Ethan Allen Lives

In 1775, Fort Ticonderoga was known as the “Gibraltar of the New World.” So when Ethan Allen— who was never one to think small — learned of the unpleasantness at Lexington and Concord, he proposed to muster his troops, the Green Mountain Boys, at the tavern in Bennington that was more or less their headquarters and immediately march upcountry, find some boats for an amphibious assault, and take that fort. He and the “Boys”— who were a blend of militia and vigilante committee — had been fighting their own fight for almost 10 years. It was the fight between the yeomanry and the aristocracy, and it has been going on, in one fashion or another, ever since.


His men were armed, probably, with long rifles and muskets, but they were no match for regulars. Even so, they were ready to fight and to follow his lead. But .  .  . Ticonderoga? Built by the French in the style of Vauban, master of fortifications, the fort guarded the narrow passage between the southerly end of Lake Champlain and the north shore of Lake George, in a natural bottleneck of the water route between New York and Montreal. It was thus of enormous strategic importance and had earned a reputation for impregnability during the Seven Years’ War, when 16,000 British troops were unable to take it from 4,000 Frenchmen in the Battle of Carillon.


On a good day, Allen could muster about 200 men, most of them sober.


By 1775, the fort, in truth, was indifferently manned and maintained by the British Army. But it still housed a considerable number of artillery pieces. Among the most pressing needs of the American colonists if they were, indeed, to fight for independence was artillery. Taking Ticonderoga would go a long way toward alleviating that problem.


Still .  .  . not only was the fort a daunting objective in purely military terms, it was also the property of the king of England. To strike at Ticonderoga was to strike at the crown. It might still be possible to patch things up after the actions at Lexington and Concord. Those could be considered unfortunate episodes where emotions boiled over and things got out of hand. But a deliberate assault on one of the king’s forts by a militia and the seizure of his cannons .  .  . that would be an unmistakable act of war.


For Ethan Allen, that might have been the point. As he wrote later,



Ever since I arrived at the state of manhood, and acquainted myself with the general history of mankind, I have felt a sincere passion for liberty. The history of nations, doomed to perpetual slavery, in consequence of yielding up to tyrants their natural-born liberties, I read with a sort of philosophical horror; so that the first systematical and bloody attempt at Lexington, to enslave America, thoroughly electrified my mind, and fully determined me to take part with my country. .  .  . This enterprise I cheerfully undertook.

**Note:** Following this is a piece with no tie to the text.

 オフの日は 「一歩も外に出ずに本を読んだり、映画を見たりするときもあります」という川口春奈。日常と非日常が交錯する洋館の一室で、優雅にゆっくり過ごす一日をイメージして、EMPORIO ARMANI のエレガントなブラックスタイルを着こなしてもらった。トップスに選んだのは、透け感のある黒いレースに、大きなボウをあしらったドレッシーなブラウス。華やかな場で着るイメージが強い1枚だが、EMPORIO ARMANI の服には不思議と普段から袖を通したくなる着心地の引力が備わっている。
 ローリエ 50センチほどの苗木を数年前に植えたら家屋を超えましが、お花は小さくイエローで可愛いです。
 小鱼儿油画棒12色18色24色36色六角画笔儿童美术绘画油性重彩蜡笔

So he and the Boys marched to Castleton, where they went scouting for the boats they needed for an amphibious assault. They found enough to transport only 83 men and launched before dawn on May 10, 1775.


As it turned out, they had an easy time of it. The few troops garrisoned at the fort were asleep. One sentry who was awake tried to shoot Allen, but his weapon misfired. Otherwise, there was no real resistance, except from a soldier who tried to bayonet one of Allen’s men. Allen struck the man on the head with the flat of his sword, then demanded to be taken to the commanding officer’s quarters, where he banged on the door and called on him to surrender the fort.

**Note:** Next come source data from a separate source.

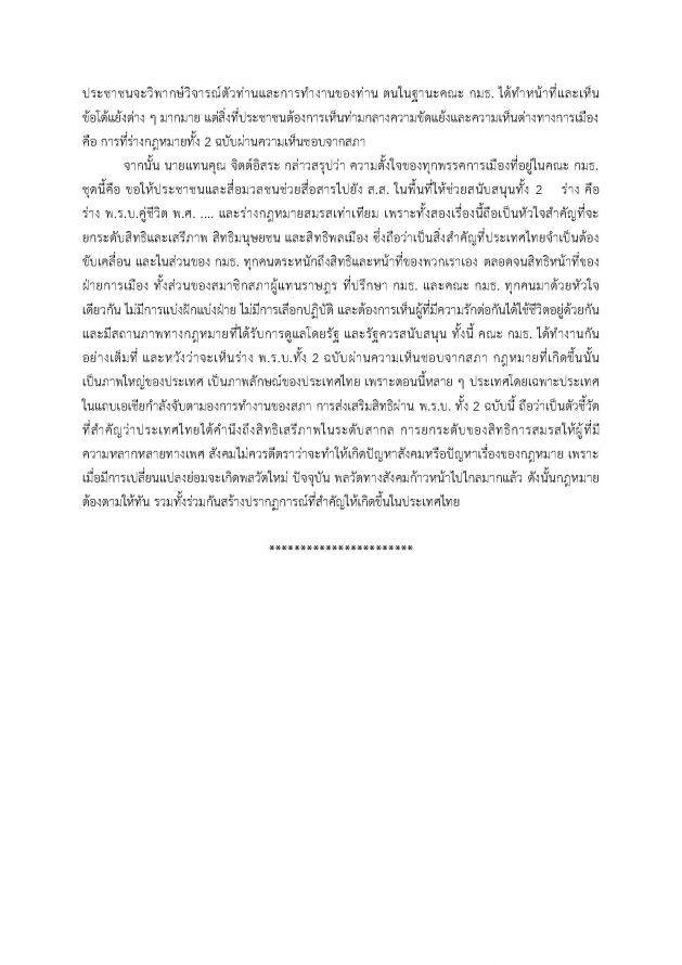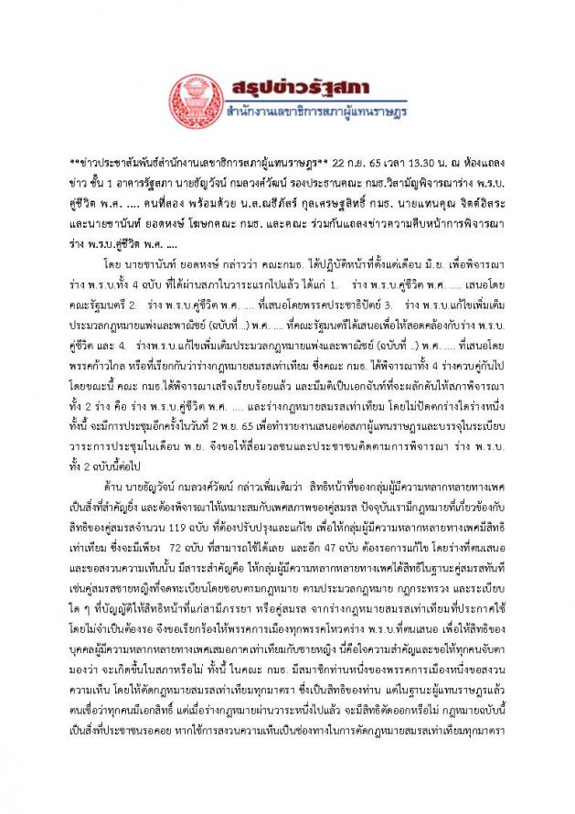 วันพฤหัสบดีที่ 22 กันยายน 2565 เวลา 13.30 นาฬิกา ณ ห้องแถลงข่าว ชั้น 1 อาคารรัฐสภา นายธัญวัจน์ กมลวงศ์วัฒน์ รองประธานคณะ กมธ.วิสามัญพิจารณาร่าง พ.ร.บ.คู่ชีวิต พ.ศ. .... คนที่สอง พร้อมด้วย น.ส.ณธีภัสร์ กุลเศรษฐสิทธิ์ กมธ. นายแทนคุณ จิตต์อิสระ และนายชานันท์ ยอดหงษ์ โฆษกคณะ กมธ. และคณะ ร่วมกันแถลงข่าวความคืบหน้าการพิจารณาร่าง พ.ร.บ.คู่ชีวิต พ.ศ. .... (รายละเอียดตามเอกสารที่แนบ)
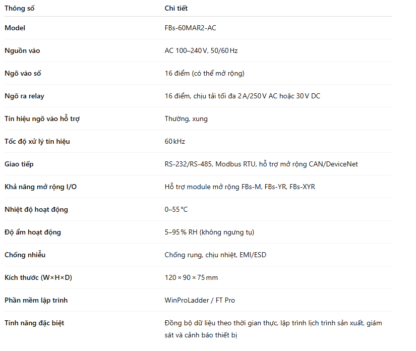 PLC Fatek FBs-60MAR2-AC là bộ điều khiển logic khả trình cỡ lớn trong series FBs, tích hợp 60 điểm I/O và ngõ vào analog, cung cấp giải pháp toàn diện cho các hệ thống điều khiển công nghiệp quy mô lớn.
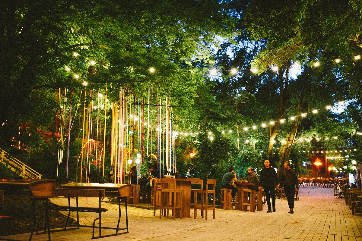 Gradina Eden (fosta Grădina Dorobanti) din Bucuresti, seara, cu mese printre copaci
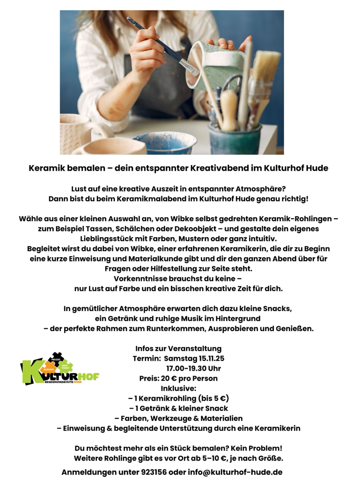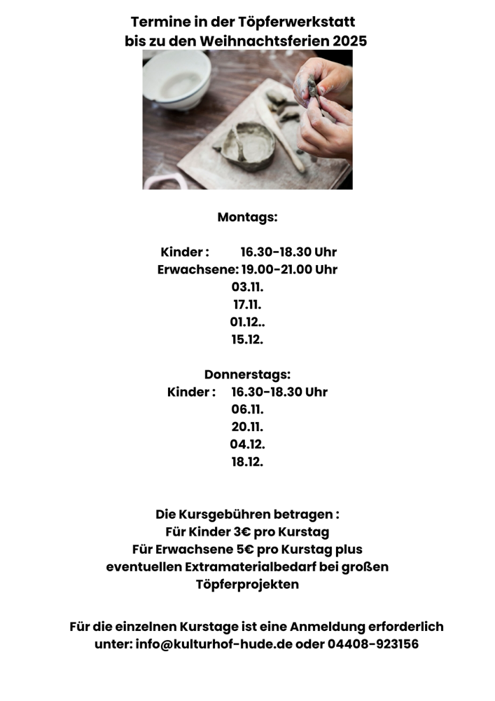 Wir bitten die ehemaligen Teilnehmenden der Töpferwerkstatt ihre Werke bis Ende Januar zu den Öffnungszeiten der Töpferwerkstatt abzuholen.

And in just whose name was this demand being made, the British officer asked?


“In the name of the Great Jehovah and the Continental Congress,” Allen immortally replied.


Or .  .  . maybe not.


Like so much about Ethan Allen, there is some question as to whether he actually spoke those words. According to his own bestselling book, he did. But according to one of his biographers, “There were later recollections among those who had been at the fort with him that he had shouted out: ‘Come out of there you damned old Rat.’ Others claimed that it was: ‘Come out of there you sons of British whores, or I’ll smoke you out.’ Nobody except Ethan seemed to recall anything about the Great Jehovah.”


Precisely what Allen actually said, of course, we’ll never know. Nor, it seems, will we ever know exactly what he looked like. No painting or sculpted likeness of him has ever turned up. It is not known, even, where his bones are buried. He is, it seems, more myth than man.

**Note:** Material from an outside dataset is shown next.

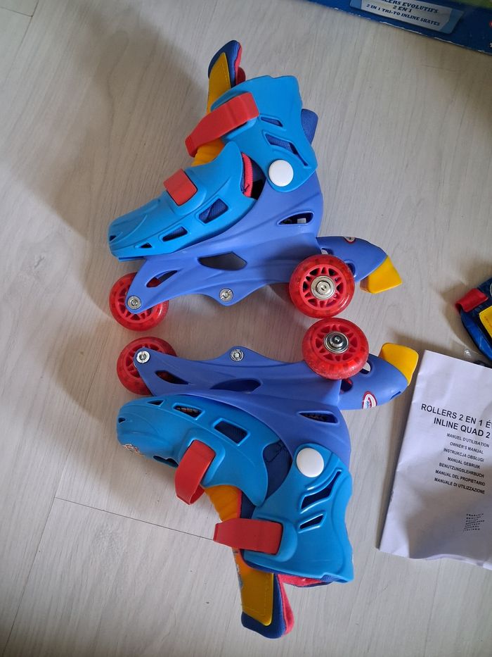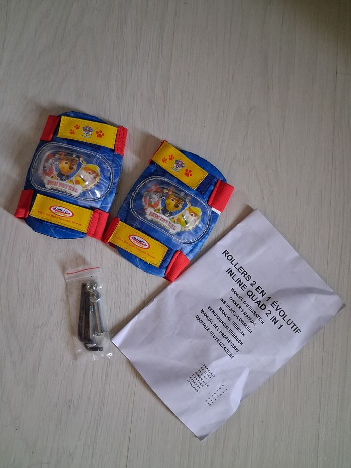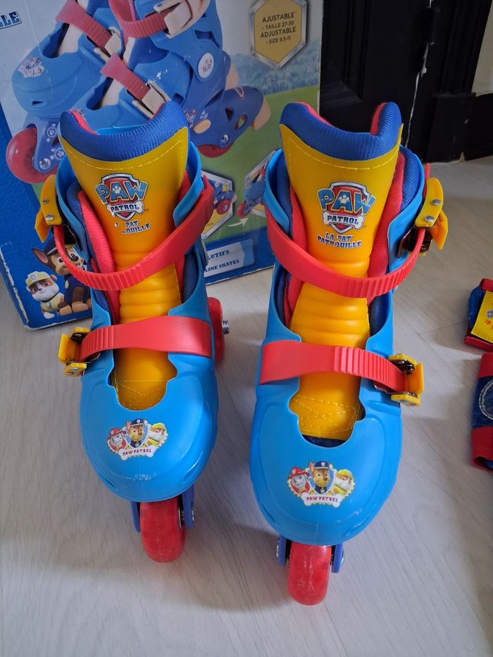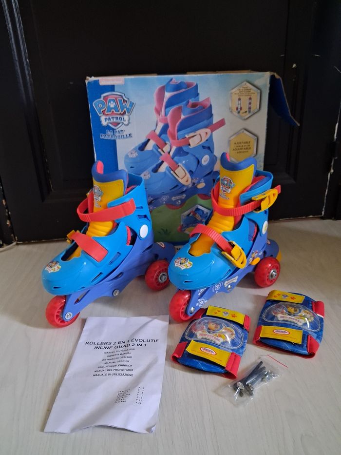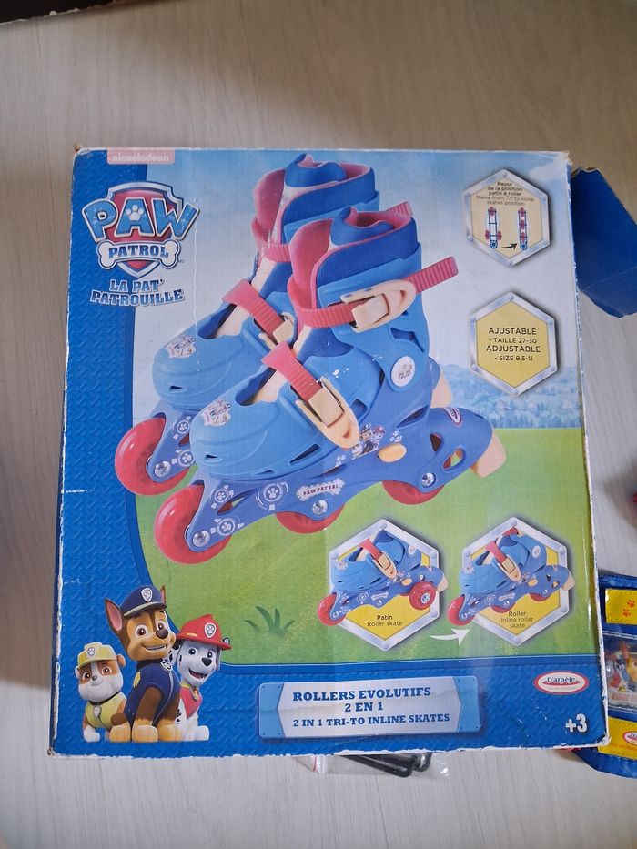 Rollers évolutifs T 27/ 30 Marque NICKELODEON Couleur bleu avec motifs Pat Patrouille Fonction Rollers ou patin Avec sa notice , c'est protège genoux, c'est clés pour changer les roues et sa boîte d'origine qui présente des imperfections Quasi neuf utilisé maxi 1 heure

Still, there was a real man, one who had the audacity to take Fort Ticonderoga, and, as George Washington once observed, there was “an original something in him that commands admiration.”


So Ethan Allen became one of the iconic figures of the generation that made the American Revolution, even though he was not a soldier of distinction. He was not on the field at any of the great battles that followed; not in attendance at any of those meetings of large historical significance where the Founders laid down the footings and the design of the new country. When the Declaration of Independence was being drafted and signed, he was a guest of the British, as a prisoner of war. After he was exchanged, he was given a military title but no important responsibilities. But it cannot be said that he entirely sat out the rest of the war. He used his time to write the story of his captivity.


He remained the hero of Ticonderoga, the colonists’ first victory, making him its first hero, but there was no military second act.


Still, there is a statue of Ethan Allen in the Capitol building in Washington, and the USS Ethan Allen is the only nuclear submarine ever to fire an armed Polaris missile. The submerged ship launched the missile in a test on May 6, 1962, and the warhead detonated “right in the pickle barrel,” according to the ship’s captain, a phrase that Ethan would doubtless have appreciated. He appears in historical fiction, doing impossible deeds. No other revolutionary figure from what became the state of Vermont is so well known, not even close. He is far better known — in legend, at least—than Seth Warner, who was one of his lieutenants on the Ticonderoga expedition and was, a few months later, elected by the Green Mountain Boys as their leader. Warner’s performance amply validated their choice. Interestingly, Ethan Allen and Seth Warner shared a cousin, the wonderfully named Remember Baker, who also served with the Boys and was, according to one source, “a tough, redheaded, freckle-faced young giant, a man with whom it was best not to tangle, if it could be avoided.”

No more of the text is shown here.